В один из теплых июньских вечеров Мэри подскочила к нему сама, когда он выходил из университета, сдав последний экзамен и закрыв сессию. Она подскочила бесцеремонно и задержала его у двери. Ее глаза потемнели, как будто над озерами нависли тучи, изменившие цвет воды с лазурного на глубокий индиго. Кир от неожиданности едва не выронил мобильный из рук.
– Отстрелялся? – вызывающе проговорила она, взмахнув тонкими ветками рук.
– Мэри… – только и мог произнести он.
– Мария, – строго поправила его она. – Что так рассматриваешь? Забыл, как я выгляжу?
– Что-то не так? – проговорил он, разглядывая ее торчащие ключицы.

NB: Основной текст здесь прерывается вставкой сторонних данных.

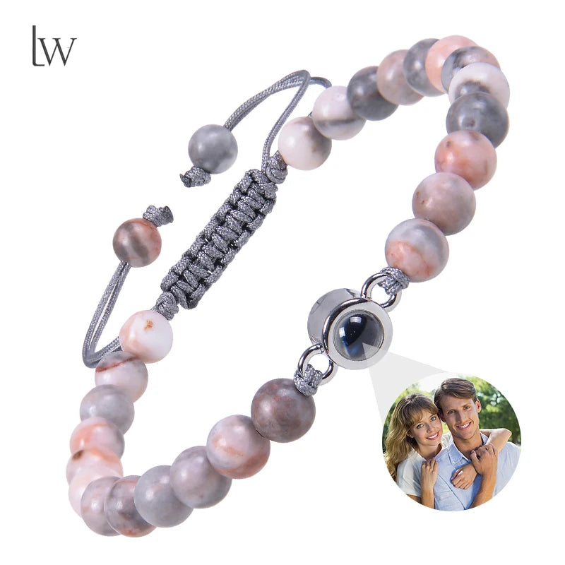 Natural Stone Beads Personalized Picture Bracelet Pink Zebra Stone Custom Photo Projection Bracelet Memorial Gifts for Women Men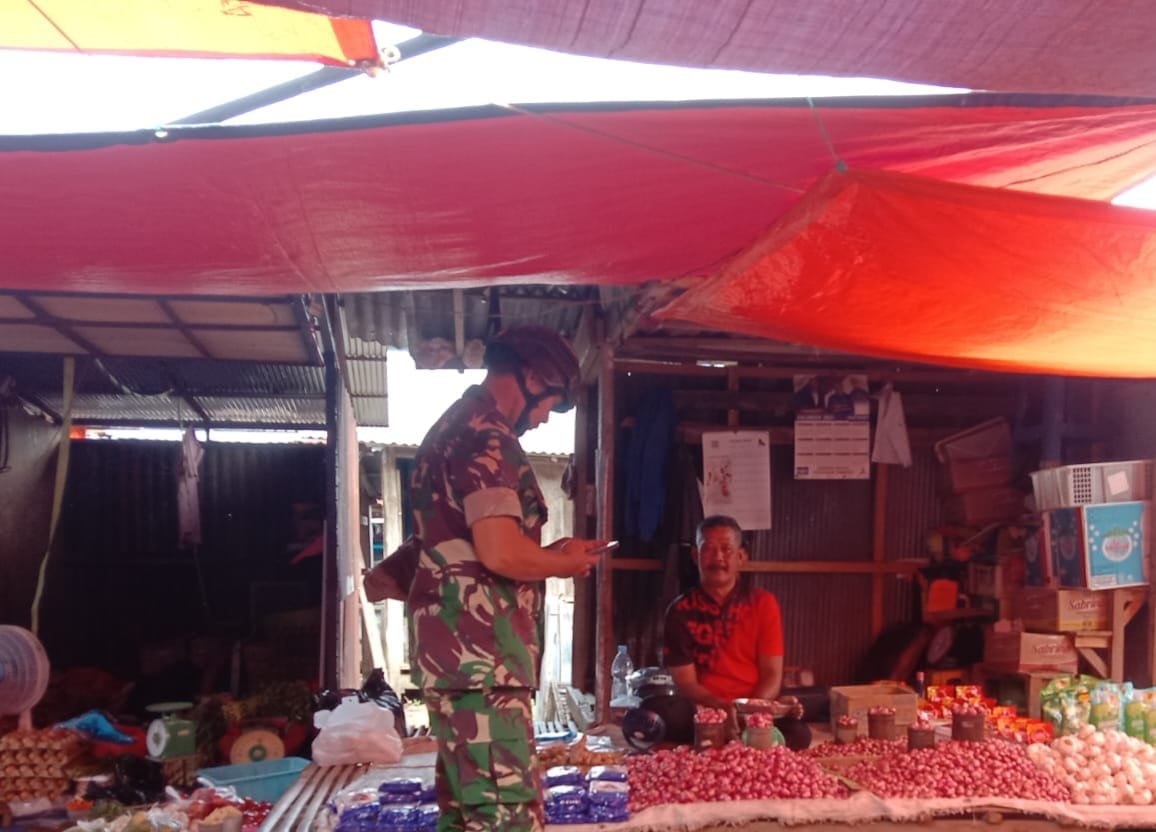 Sidrap – Sertu Isman, anggota dari Koramil 01/Panca Lautang, melaksanakan kegiatan pengecekan harga serta ketersediaan bahan pokok sembako di Pasar Sentral Bilokka yang terletak di Kecamatan Panca Lautang, Kabupaten Sidrap. Kegiatan ini dilakukan pada Rabu, 11 Februari 2025, dengan tujuan untuk memastikan adanya stabilitas harga dan kelancaran distribusi bahan pokok bagi masyarakat di wilayah kerja Koramil.

Даже свободная блузка не могла скрыть ее болезненной худобы. На ее осунувшемся лице играла насмешливая улыбка. Но это была все та же Мэри: нежная, светлая, сияющая…
– У меня все так. Сессия на «отлично», – гордо заявила она. – Девушек нужно провожать, а не пугать подозрительными взглядами.
– Хорошо, пойдем, – вздохнул он и пропустил ее вперед.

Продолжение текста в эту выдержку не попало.